Understanding the Earth Leakage Test
Earth leakage testing (now more correctly referred to as protective conductor current testing or touch current testing) measures any current flowing from live parts of an appliance to accessible conductive parts under operating conditions.
The purpose of the test is to confirm that any leakage current remains at a safe level and does not present a risk of electric shock to the user.
In modern PAT testing practice, leakage testing is often used as a supplementary test rather than a mandatory replacement for insulation resistance testing. It is particularly useful where insulation testing is not suitable, such as on equipment with electronic controls, suppression components, or complex internal circuitry.
Many PAT testers automatically include leakage testing within their test sequences. However, it is important to understand that some testers apply leakage tests in situations where they are not strictly required, which can sometimes lead to unnecessary or misleading fail results if not interpreted correctly.

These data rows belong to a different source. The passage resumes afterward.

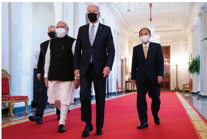
President Joe Biden walks to the Quad summit with, from left, Australian Prime Minister Scott Morrison, Indian Prime Minister Narendra Modi, and Japanese Prime Minister Yoshihide Suga, September 2021.

The new US administration of President Joe Biden has clearly committed to a “free and open Indo-Pacific” (FOIP), and cooperation through the QUAD has been deepened significantly by the holding of summit meetings and the agreement and implementation of concrete cooperation. The United States, the United Kingdom and Australia have launched AUKUS as a new security framework. Faced with the challenges of dealing with the military coup in Myanmar and the coronavirus
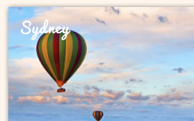
Hot Air Balloon Sunrise Flight 890 booked ★★★★★
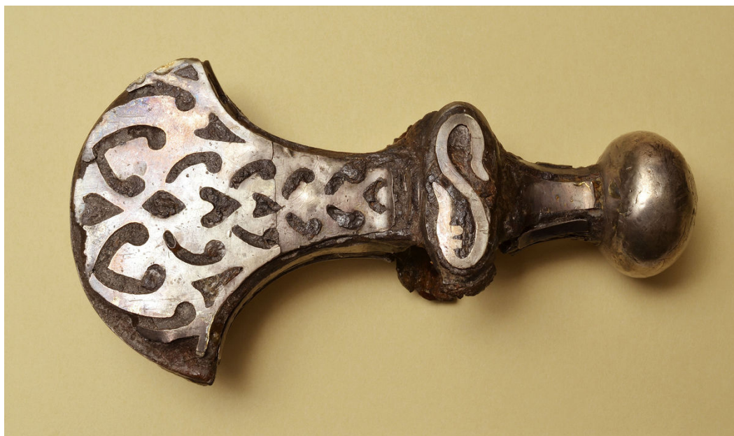
Battle-axe from one of the "Princely" graves discovered on the cemetery near Libuše Pond. NM collection, H1-96694. Photo L. Kachová, 2013.
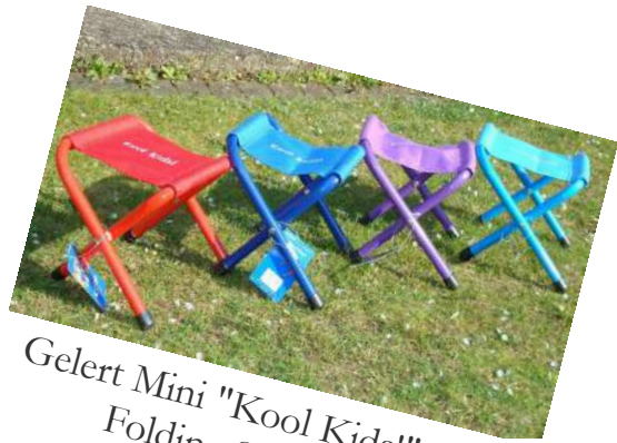
Gelett Mini "Kool Kids!" Folding Stool
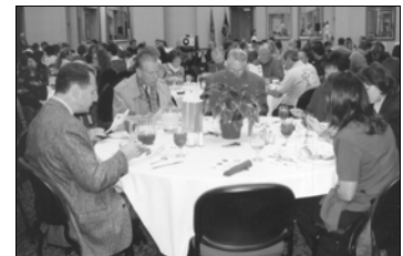
2003 Campaign Wrap-Up

Spirit of Caring Award -Agency staff and board that partners with UW through volunteer support of all UW activities.
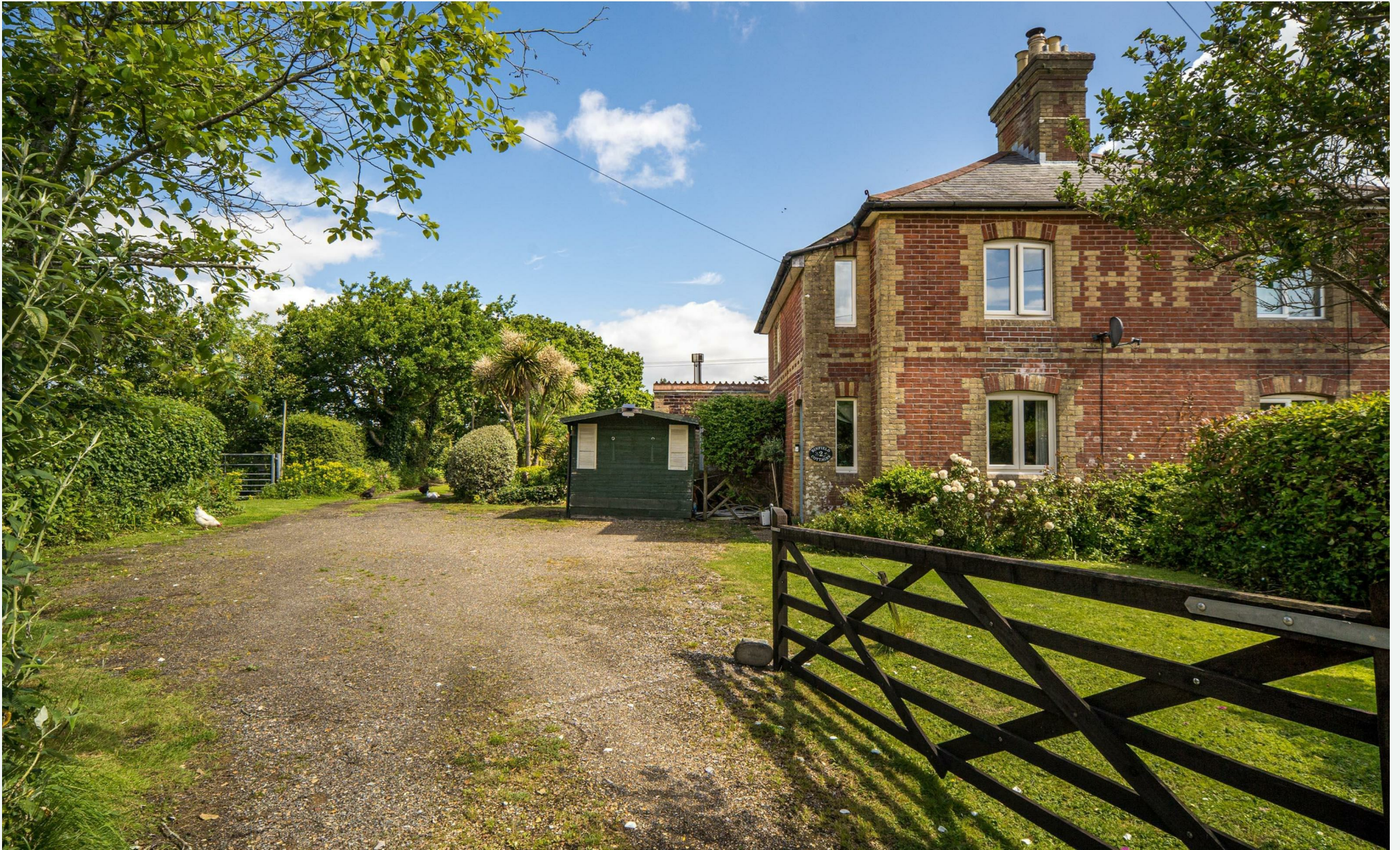
2 Binfield Cottages, Mill Lane, Binfield, Nr Newport, Isle of Wight
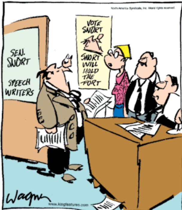
"I told you not to clutter up my speeches with issues!"
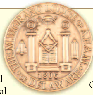
Reverse of Bicentennial Coin shown actual size.

These collections are being issued in very limited editions to assure their importance and historical significance. They represent the Pride, Dedication, Determination and Devotion we give in support of our great fraternity.

Why Measure Leakage Current?
The leakage test can be understood as an alternative method of identifying insulation breakdown. For example, if insulation in a Class I appliance fails, current may flow to exposed metal parts and present a shock risk.
A standard insulation resistance test at 500V DC will often identify this condition. However, a leakage test can be useful where:
- The appliance has electronic switching that only operates when energised
- The insulation resistance test gives inconclusive or unstable results
- The equipment contains suppression or filtering components that affect insulation readings
Unlike insulation testing, leakage testing is performed with the appliance energised at normal operating voltage, meaning the equipment may run during the test and appropriate safety precautions must be taken.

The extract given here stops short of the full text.